Try it => Beginning at the line that holds "Karriere im Evangelischen" and continuing to the last line of the data below, transcribe every line word for word, without pictures.

Collected material =>

━━━━━━━━

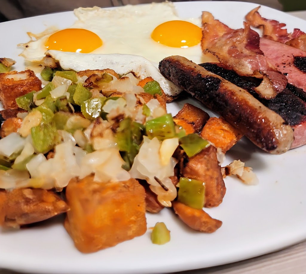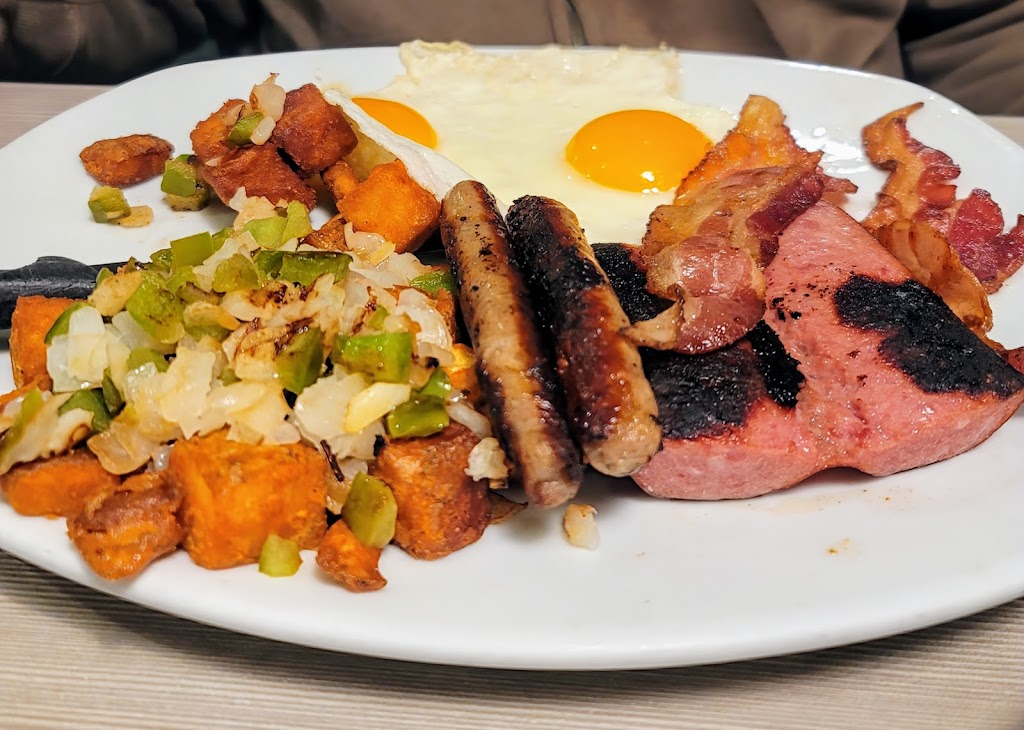 varies by server.7/7. I will not order the steak and eggs again. I have a serious medical condition . The steak tasted like it was dipped in black pepper 🌶. I throw the steak away. It's not worth the pain I would have had.
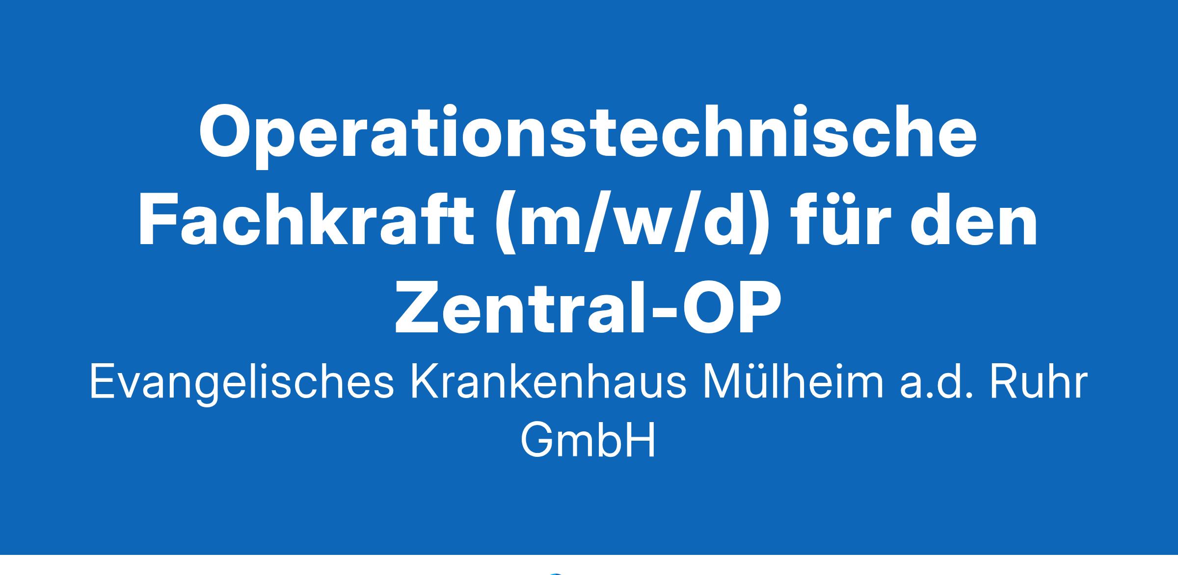 Karriere im Evangelischen Krankenhaus MülheimWir bieten unseren Mitarbeitenden ein professionelles und modernes Arbeitsumfeld. Ein angenehmes Arbeitsklima sowie ein guter Teamgeist sind für uns selbstverständlich. Die Kompetenz und die Motivation unserer Mitarbeitenden sind uns sehr wichtig: Daher unterstützen wir unsere Mitarbeitenden mit hochprofessionellen Fort- und Weiterbildungen in ihrer beruflichen und persönlichen Weiterentwicklung. In unseren Kliniken fühlen wir uns dem Menschen verpflichtet, unabhängig davon, ob es sich um Mitarbeitende, Patientinnen und Patienten oder um Angehörige handelt. Unser Miteinander gestalten wir auf Basis unserer gemeinsamen Werte. Das heißt unter anderem, dass wir jedem Menschen mit Respekt begegnen, in den offenen Austausch gehen und verlässlich in unseren Entscheidungen sind. Wir übernehmen Verantwortung gegenüber Anderen und gestalten gemeinsam nachhaltig unsere Zukunft. Zur Verstärkung unseres engagierten Teams im Zentral-OP suchen wir zum nächstmöglichen Zeitpunkt einen OTA – Operationstechnischen Assistenten (m/w/d)
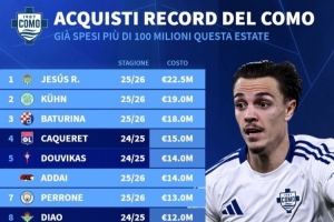 體育資訊7月18日訊 德國轉(zhuǎn)會(huì)市場盤點(diǎn)了科莫隊(duì)史引援排行,今年夏天已花費(fèi)超過1億歐。
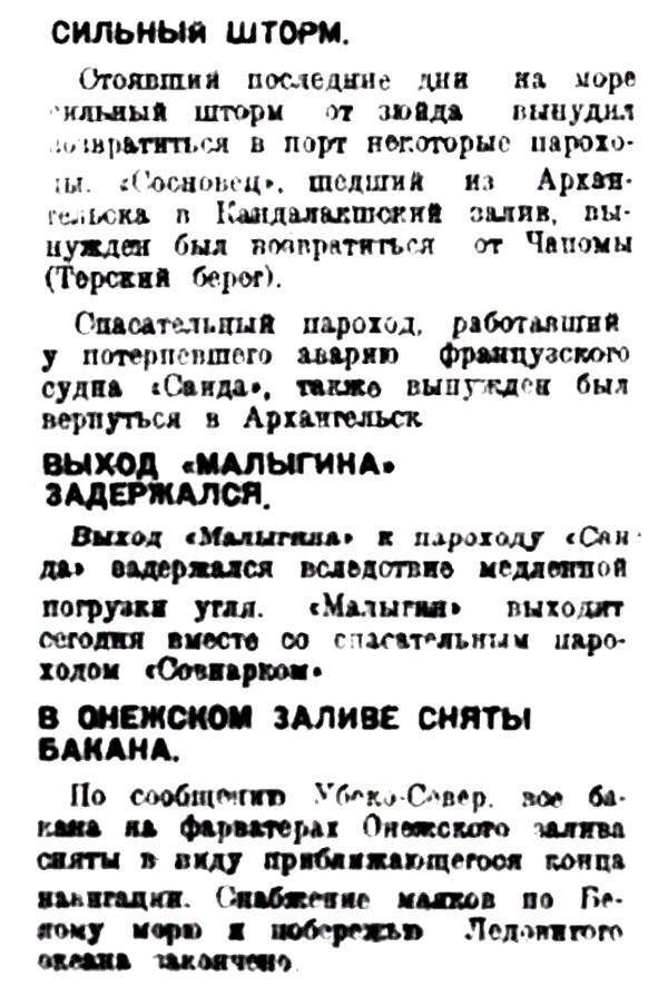 Стоявший последние дни на море сильный шторм от зюйда вынудил возвратиться в порт некоторые пароходы. "Сосновец", шедший из Архангельска в Кандалакшский залив, вынужден был возвратиться от Чапомы (Терский берег).

━━━━━━━━

Output of the exercise =>
 Karriere im Evangelischen Krankenhaus MülheimWir bieten unseren Mitarbeitenden ein professionelles und modernes Arbeitsumfeld. Ein angenehmes Arbeitsklima sowie ein guter Teamgeist sind für uns selbstverständlich. Die Kompetenz und die Motivation unserer Mitarbeitenden sind uns sehr wichtig: Daher unterstützen wir unsere Mitarbeitenden mit hochprofessionellen Fort- und Weiterbildungen in ihrer beruflichen und persönlichen Weiterentwicklung. In unseren Kliniken fühlen wir uns dem Menschen verpflichtet, unabhängig davon, ob es sich um Mitarbeitende, Patientinnen und Patienten oder um Angehörige handelt. Unser Miteinander gestalten wir auf Basis unserer gemeinsamen Werte. Das heißt unter anderem, dass wir jedem Menschen mit Respekt begegnen, in den offenen Austausch gehen und verlässlich in unseren Entscheidungen sind. Wir übernehmen Verantwortung gegenüber Anderen und gestalten gemeinsam nachhaltig unsere Zukunft. Zur Verstärkung unseres engagierten Teams im Zentral-OP suchen wir zum nächstmöglichen Zeitpunkt einen OTA – Operationstechnischen Assistenten (m/w/d)
 體育資訊7月18日訊 德國轉(zhuǎn)會(huì)市場盤點(diǎn)了科莫隊(duì)史引援排行,今年夏天已花費(fèi)超過1億歐。
 Стоявший последние дни на море сильный шторм от зюйда вынудил возвратиться в порт некоторые пароходы. "Сосновец", шедший из Архангельска в Кандалакшский залив, вынужден был возвратиться от Чапомы (Терский берег).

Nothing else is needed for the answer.